BEGIN Data provided

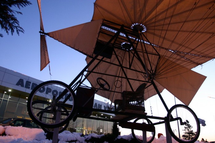Macheta aeroplanului Vuia 1 realizată la scară 1:1 cu care bănăţeanul a reuşit performanţa şi monumentul bust al acestuia sunt amplasate în faţa aerogării.
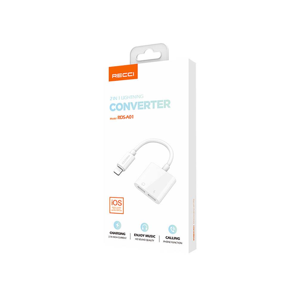 Recci RDS-A01 Lightning 2in1 Şarj ve Ses Adaptörü
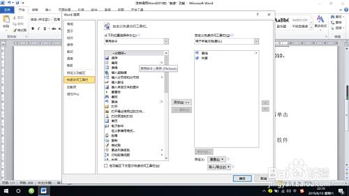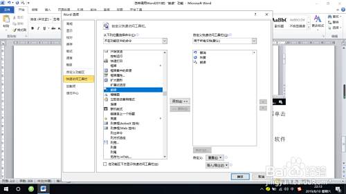 第二步:在打开的“Word选项”对话框中选择“快速访问工具栏”。(也可以打开Word2010,右击自定义快速访问工具栏区域或选项卡区域,然后选择“自定义快速访问工具栏”)

END Data provided

All of the listing above has to be reproduced exactly, though without its images.

▶ **Task solution**
Macheta aeroplanului Vuia 1 realizată la scară 1:1 cu care bănăţeanul a reuşit performanţa şi monumentul bust al acestuia sunt amplasate în faţa aerogării.
 Recci RDS-A01 Lightning 2in1 Şarj ve Ses Adaptörü
 第二步:在打开的“Word选项”对话框中选择“快速访问工具栏”。(也可以打开Word2010,右击自定义快速访问工具栏区域或选项卡区域,然后选择“自定义快速访问工具栏”)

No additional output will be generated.